The data below contains pictures, which are to be skipped; the lines starting at the line with "空間結(jié)構(gòu)呈現(xià" and ending at the line with "ハイウエストのアンブレラスカ" are to be output exactly, both ends included.

Dataset records:
::::::

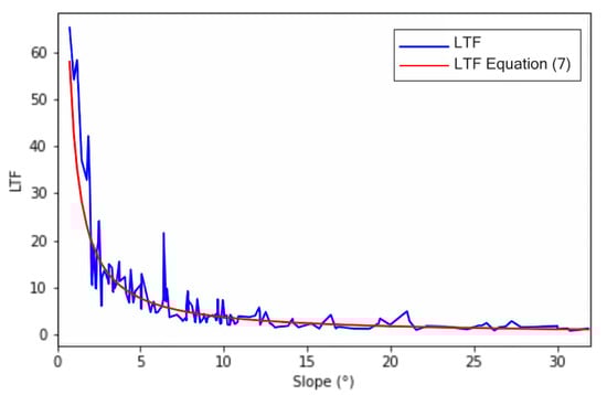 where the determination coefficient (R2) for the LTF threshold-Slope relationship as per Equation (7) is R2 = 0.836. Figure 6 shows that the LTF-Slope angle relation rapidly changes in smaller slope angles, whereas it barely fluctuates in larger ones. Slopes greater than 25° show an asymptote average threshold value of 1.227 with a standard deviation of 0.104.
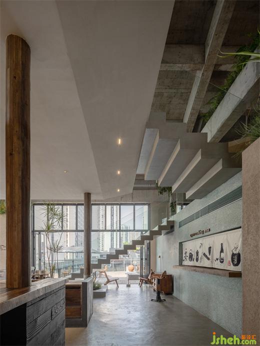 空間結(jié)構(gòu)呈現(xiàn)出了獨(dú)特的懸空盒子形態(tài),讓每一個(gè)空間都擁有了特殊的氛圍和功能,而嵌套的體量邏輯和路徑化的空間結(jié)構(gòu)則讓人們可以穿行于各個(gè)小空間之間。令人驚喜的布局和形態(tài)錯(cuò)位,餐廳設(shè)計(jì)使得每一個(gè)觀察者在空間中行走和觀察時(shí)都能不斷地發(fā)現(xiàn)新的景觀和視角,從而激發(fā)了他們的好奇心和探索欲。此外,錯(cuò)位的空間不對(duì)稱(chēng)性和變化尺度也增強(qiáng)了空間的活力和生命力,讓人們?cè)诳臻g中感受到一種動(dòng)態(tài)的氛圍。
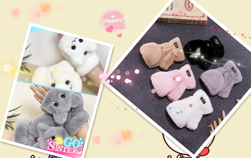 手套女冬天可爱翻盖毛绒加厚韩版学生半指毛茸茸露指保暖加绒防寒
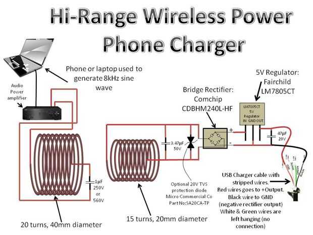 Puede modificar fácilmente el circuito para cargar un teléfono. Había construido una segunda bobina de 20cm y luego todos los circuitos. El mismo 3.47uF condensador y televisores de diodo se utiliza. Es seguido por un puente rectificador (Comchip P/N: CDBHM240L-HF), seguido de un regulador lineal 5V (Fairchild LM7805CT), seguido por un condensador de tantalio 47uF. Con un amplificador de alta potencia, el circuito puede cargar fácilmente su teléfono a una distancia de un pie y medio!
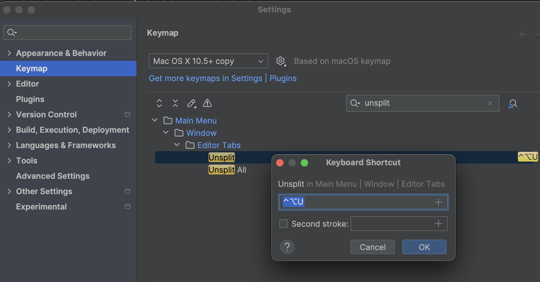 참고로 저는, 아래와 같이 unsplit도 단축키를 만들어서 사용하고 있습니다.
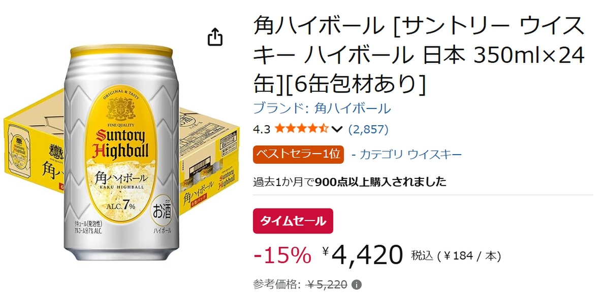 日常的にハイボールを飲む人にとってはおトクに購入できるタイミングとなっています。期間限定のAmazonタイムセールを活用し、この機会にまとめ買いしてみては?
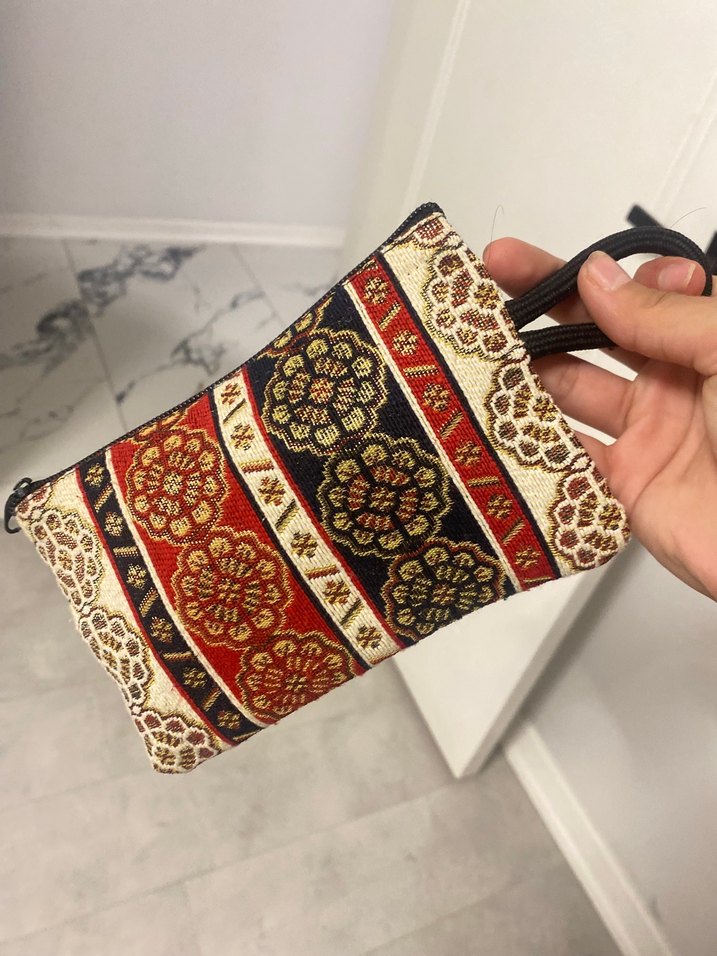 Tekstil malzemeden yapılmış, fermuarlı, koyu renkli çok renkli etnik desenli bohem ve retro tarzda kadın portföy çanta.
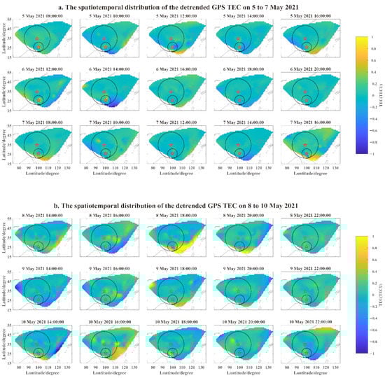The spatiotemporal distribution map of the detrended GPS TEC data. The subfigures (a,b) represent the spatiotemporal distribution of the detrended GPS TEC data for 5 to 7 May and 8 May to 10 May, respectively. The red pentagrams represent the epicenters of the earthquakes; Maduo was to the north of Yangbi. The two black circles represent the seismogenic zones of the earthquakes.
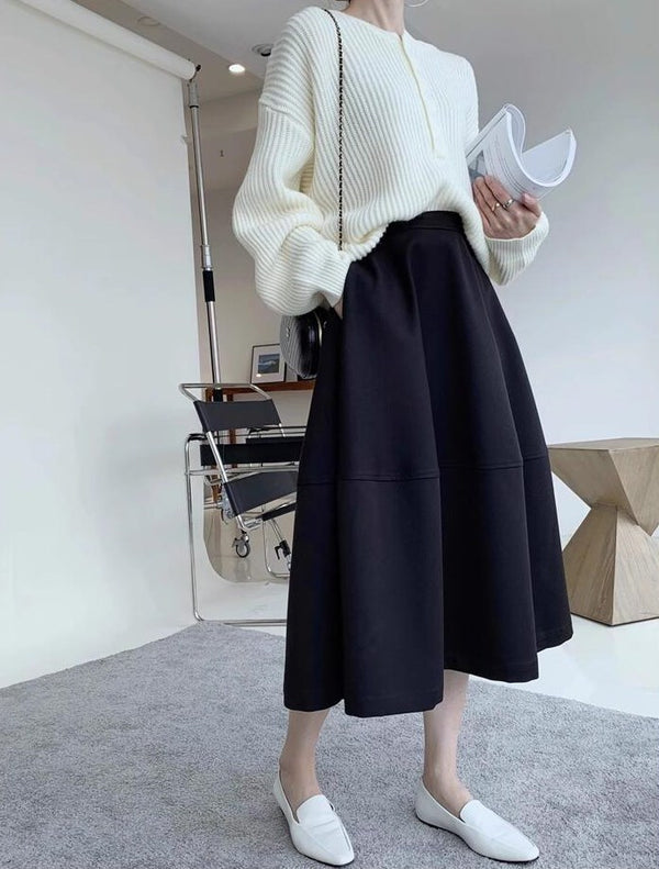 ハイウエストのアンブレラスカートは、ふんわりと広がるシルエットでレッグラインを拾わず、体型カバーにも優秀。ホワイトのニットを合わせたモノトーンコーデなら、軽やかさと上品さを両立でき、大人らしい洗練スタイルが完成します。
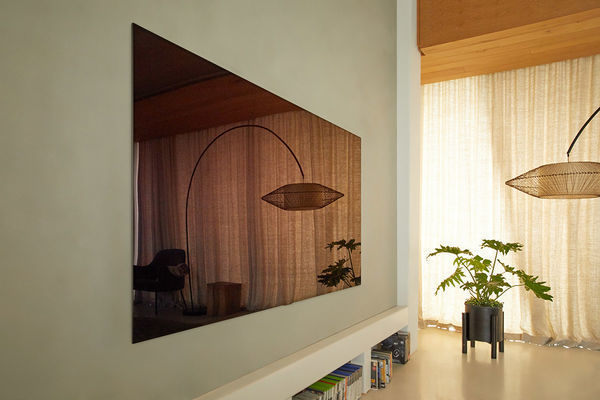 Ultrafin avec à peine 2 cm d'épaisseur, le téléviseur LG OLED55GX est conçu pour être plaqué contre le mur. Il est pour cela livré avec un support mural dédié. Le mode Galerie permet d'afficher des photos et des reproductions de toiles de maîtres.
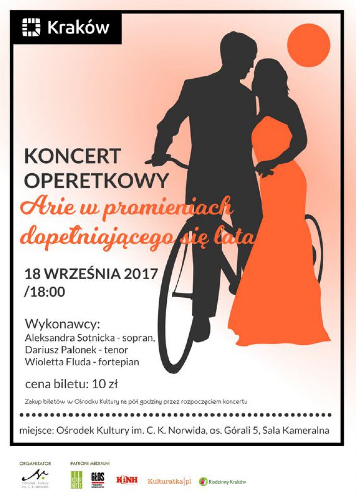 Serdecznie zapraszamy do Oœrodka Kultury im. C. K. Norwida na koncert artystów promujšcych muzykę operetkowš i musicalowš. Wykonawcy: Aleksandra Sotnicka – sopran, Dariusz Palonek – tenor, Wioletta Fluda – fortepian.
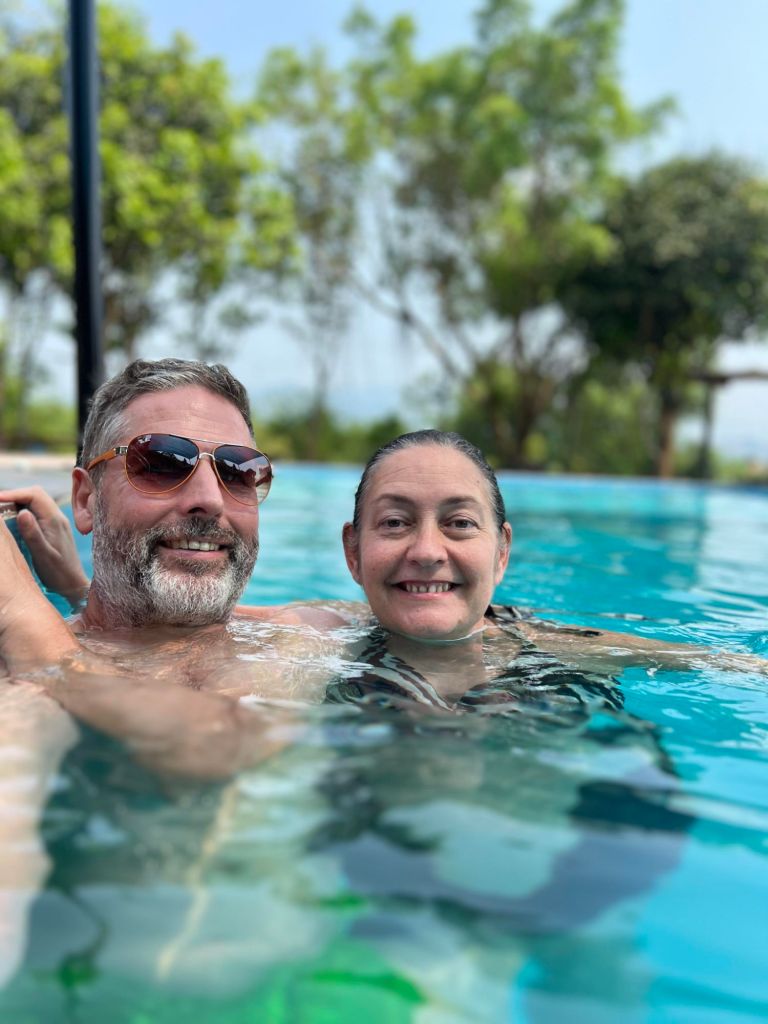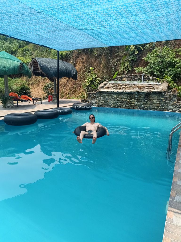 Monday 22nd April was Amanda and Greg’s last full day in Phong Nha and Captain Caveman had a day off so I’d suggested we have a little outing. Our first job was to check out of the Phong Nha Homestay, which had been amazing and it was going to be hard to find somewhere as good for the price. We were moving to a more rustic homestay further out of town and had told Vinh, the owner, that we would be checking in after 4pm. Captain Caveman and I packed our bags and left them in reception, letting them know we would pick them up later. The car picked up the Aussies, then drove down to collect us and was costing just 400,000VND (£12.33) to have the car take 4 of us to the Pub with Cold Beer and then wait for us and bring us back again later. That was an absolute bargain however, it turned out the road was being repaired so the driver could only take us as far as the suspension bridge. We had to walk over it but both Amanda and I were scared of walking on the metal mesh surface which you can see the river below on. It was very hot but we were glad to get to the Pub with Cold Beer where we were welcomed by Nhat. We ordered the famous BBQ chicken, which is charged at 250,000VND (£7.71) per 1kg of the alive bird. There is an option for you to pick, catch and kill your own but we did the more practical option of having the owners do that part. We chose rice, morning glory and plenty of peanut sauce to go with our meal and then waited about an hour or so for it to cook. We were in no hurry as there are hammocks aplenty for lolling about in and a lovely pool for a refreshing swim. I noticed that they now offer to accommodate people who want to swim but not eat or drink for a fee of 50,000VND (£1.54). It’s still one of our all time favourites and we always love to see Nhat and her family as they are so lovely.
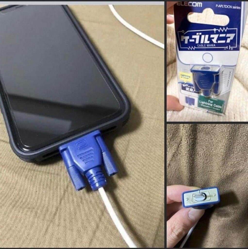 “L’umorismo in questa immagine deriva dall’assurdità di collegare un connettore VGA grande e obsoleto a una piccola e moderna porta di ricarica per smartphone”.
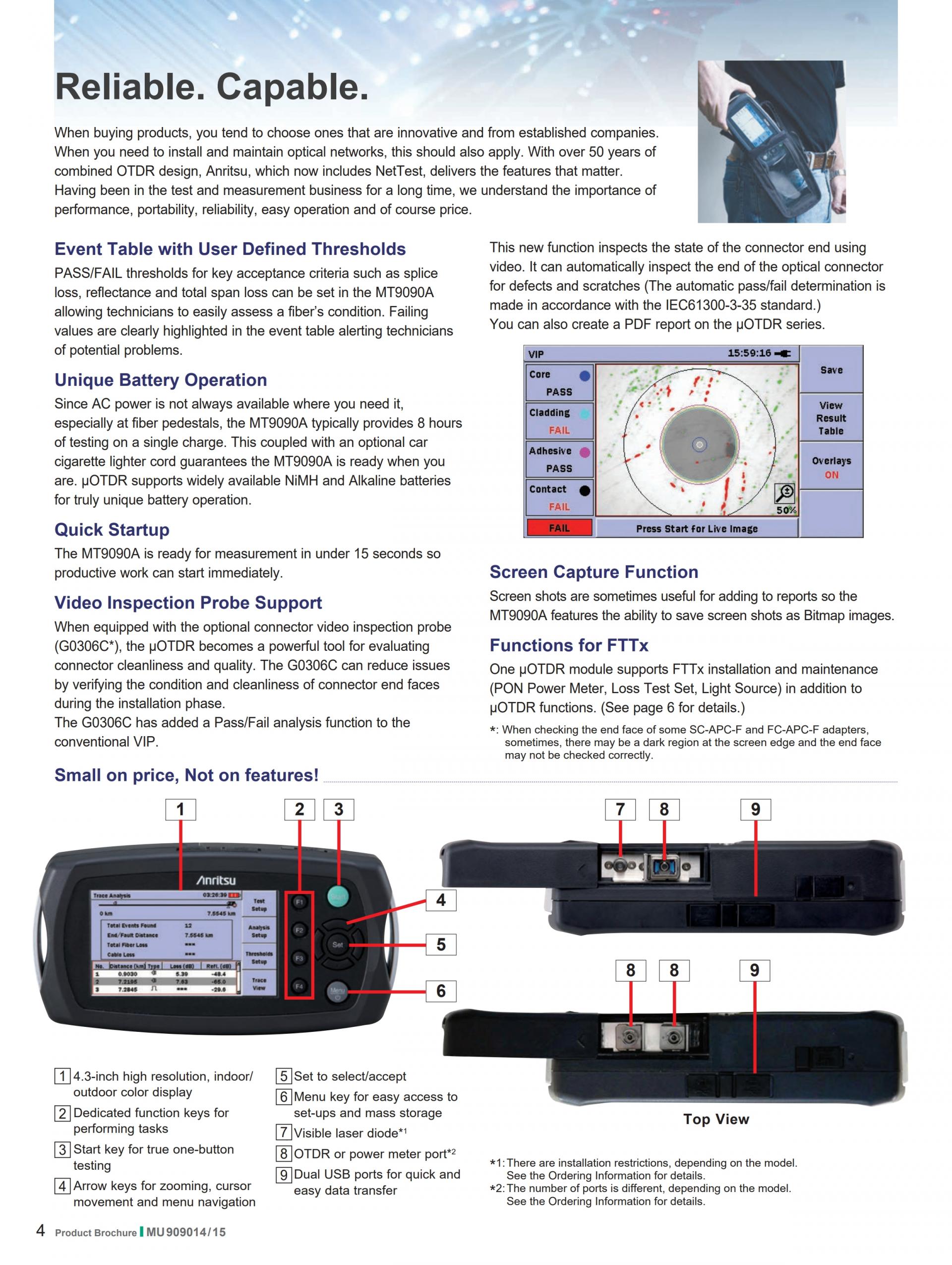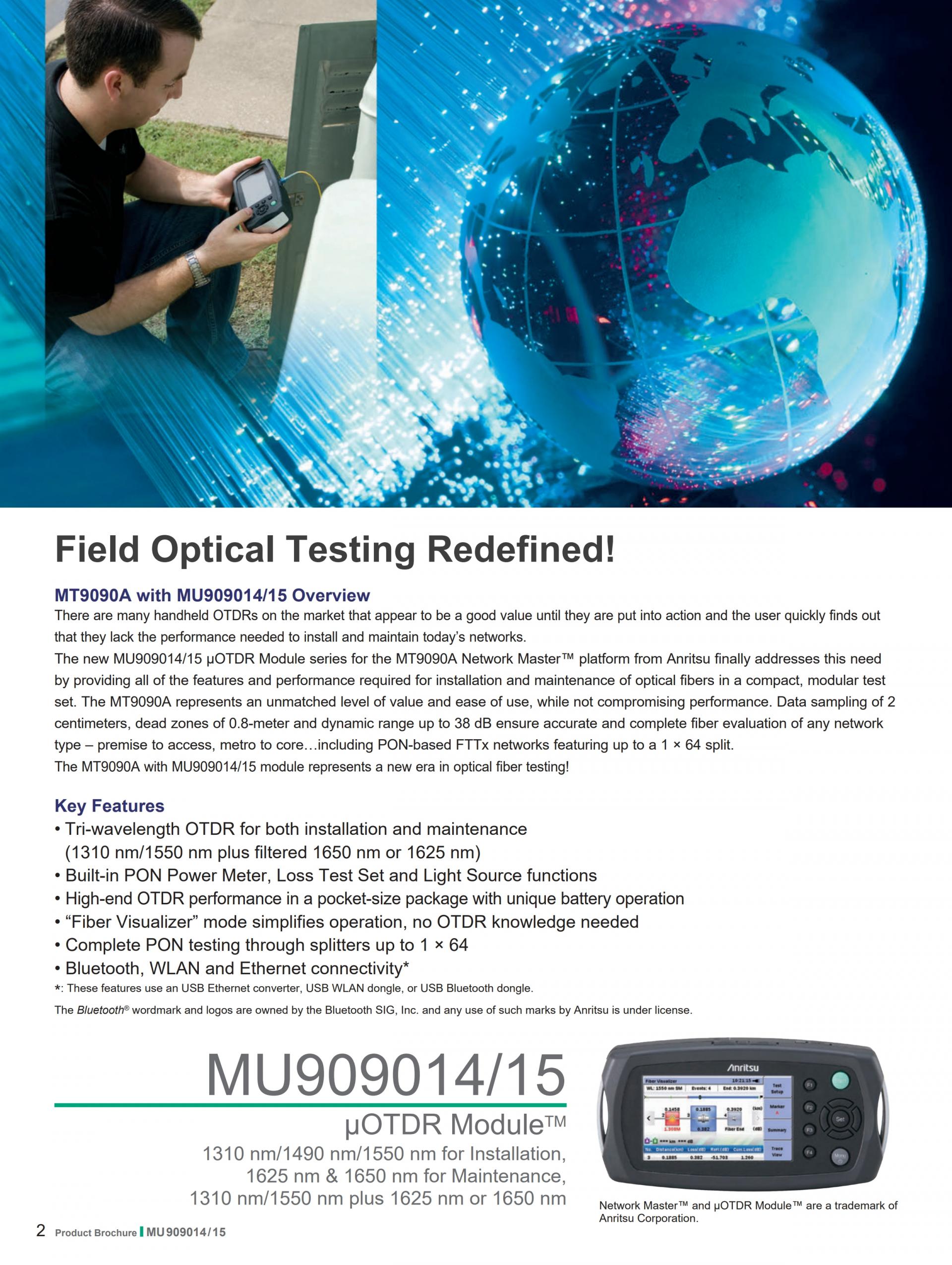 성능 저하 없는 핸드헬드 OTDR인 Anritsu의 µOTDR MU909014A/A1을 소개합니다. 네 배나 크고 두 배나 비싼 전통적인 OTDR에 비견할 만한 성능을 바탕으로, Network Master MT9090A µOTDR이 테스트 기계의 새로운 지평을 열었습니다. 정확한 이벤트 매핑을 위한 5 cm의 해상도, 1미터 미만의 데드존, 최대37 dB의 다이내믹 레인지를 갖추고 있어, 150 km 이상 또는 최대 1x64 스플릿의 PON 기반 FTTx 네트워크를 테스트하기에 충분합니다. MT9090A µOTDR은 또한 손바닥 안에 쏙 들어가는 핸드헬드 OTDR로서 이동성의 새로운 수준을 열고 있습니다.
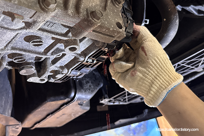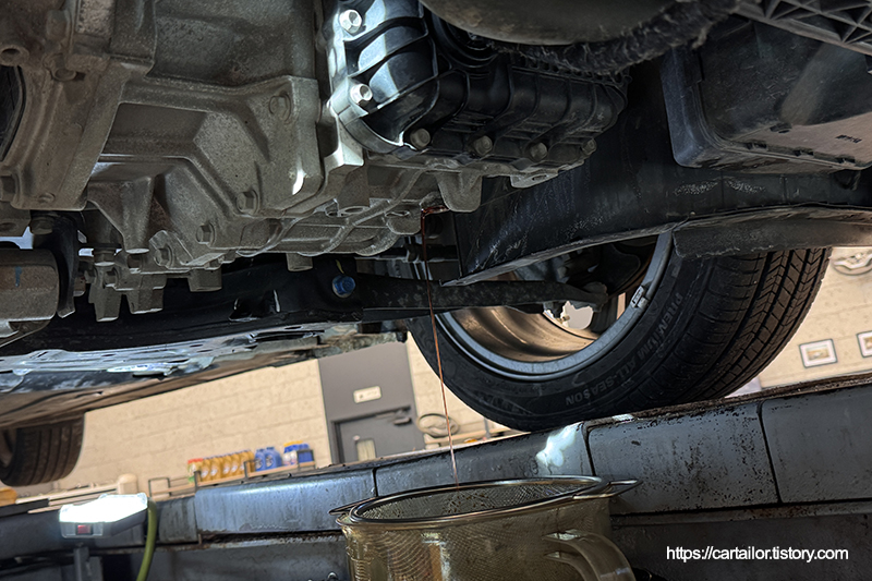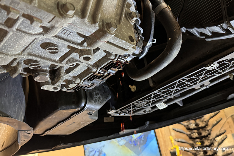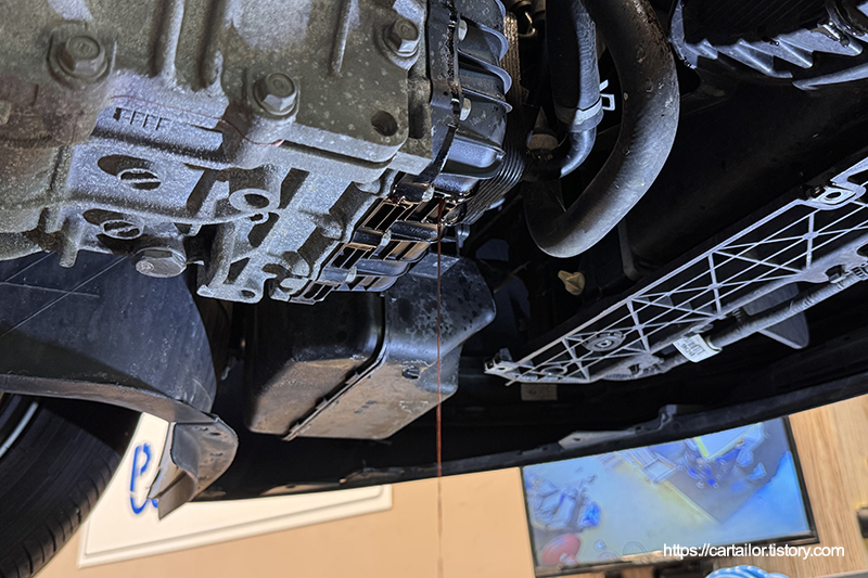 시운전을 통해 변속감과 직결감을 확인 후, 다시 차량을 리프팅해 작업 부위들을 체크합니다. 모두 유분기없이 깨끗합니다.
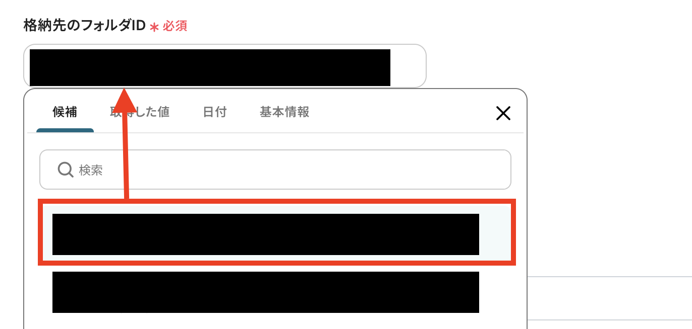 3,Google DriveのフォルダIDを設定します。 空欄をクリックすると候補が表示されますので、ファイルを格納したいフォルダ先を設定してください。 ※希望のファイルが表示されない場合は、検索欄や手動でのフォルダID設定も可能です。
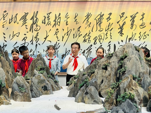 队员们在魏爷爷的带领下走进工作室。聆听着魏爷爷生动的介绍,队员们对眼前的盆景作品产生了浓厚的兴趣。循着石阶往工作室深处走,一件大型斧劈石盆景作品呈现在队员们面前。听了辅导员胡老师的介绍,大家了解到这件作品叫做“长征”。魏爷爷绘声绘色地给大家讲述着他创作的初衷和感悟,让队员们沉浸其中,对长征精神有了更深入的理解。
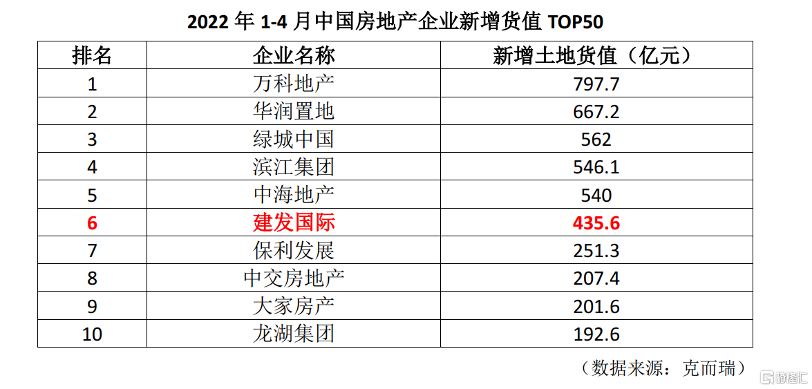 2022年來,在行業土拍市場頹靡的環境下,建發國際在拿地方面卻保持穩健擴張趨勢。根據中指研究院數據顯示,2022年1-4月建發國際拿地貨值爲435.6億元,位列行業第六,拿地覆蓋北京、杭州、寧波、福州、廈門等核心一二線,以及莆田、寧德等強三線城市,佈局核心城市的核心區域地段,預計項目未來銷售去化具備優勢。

::::::

Result of this task:
 空間結(jié)構(gòu)呈現(xiàn)出了獨(dú)特的懸空盒子形態(tài),讓每一個(gè)空間都擁有了特殊的氛圍和功能,而嵌套的體量邏輯和路徑化的空間結(jié)構(gòu)則讓人們可以穿行于各個(gè)小空間之間。令人驚喜的布局和形態(tài)錯(cuò)位,餐廳設(shè)計(jì)使得每一個(gè)觀察者在空間中行走和觀察時(shí)都能不斷地發(fā)現(xiàn)新的景觀和視角,從而激發(fā)了他們的好奇心和探索欲。此外,錯(cuò)位的空間不對(duì)稱(chēng)性和變化尺度也增強(qiáng)了空間的活力和生命力,讓人們?cè)诳臻g中感受到一種動(dòng)態(tài)的氛圍。
 手套女冬天可爱翻盖毛绒加厚韩版学生半指毛茸茸露指保暖加绒防寒
 Puede modificar fácilmente el circuito para cargar un teléfono. Había construido una segunda bobina de 20cm y luego todos los circuitos. El mismo 3.47uF condensador y televisores de diodo se utiliza. Es seguido por un puente rectificador (Comchip P/N: CDBHM240L-HF), seguido de un regulador lineal 5V (Fairchild LM7805CT), seguido por un condensador de tantalio 47uF. Con un amplificador de alta potencia, el circuito puede cargar fácilmente su teléfono a una distancia de un pie y medio!
 참고로 저는, 아래와 같이 unsplit도 단축키를 만들어서 사용하고 있습니다.
 日常的にハイボールを飲む人にとってはおトクに購入できるタイミングとなっています。期間限定のAmazonタイムセールを活用し、この機会にまとめ買いしてみては?
 Tekstil malzemeden yapılmış, fermuarlı, koyu renkli çok renkli etnik desenli bohem ve retro tarzda kadın portföy çanta.
The spatiotemporal distribution map of the detrended GPS TEC data. The subfigures (a,b) represent the spatiotemporal distribution of the detrended GPS TEC data for 5 to 7 May and 8 May to 10 May, respectively. The red pentagrams represent the epicenters of the earthquakes; Maduo was to the north of Yangbi. The two black circles represent the seismogenic zones of the earthquakes.
 ハイウエストのアンブレラスカートは、ふんわりと広がるシルエットでレッグラインを拾わず、体型カバーにも優秀。ホワイトのニットを合わせたモノトーンコーデなら、軽やかさと上品さを両立でき、大人らしい洗練スタイルが完成します。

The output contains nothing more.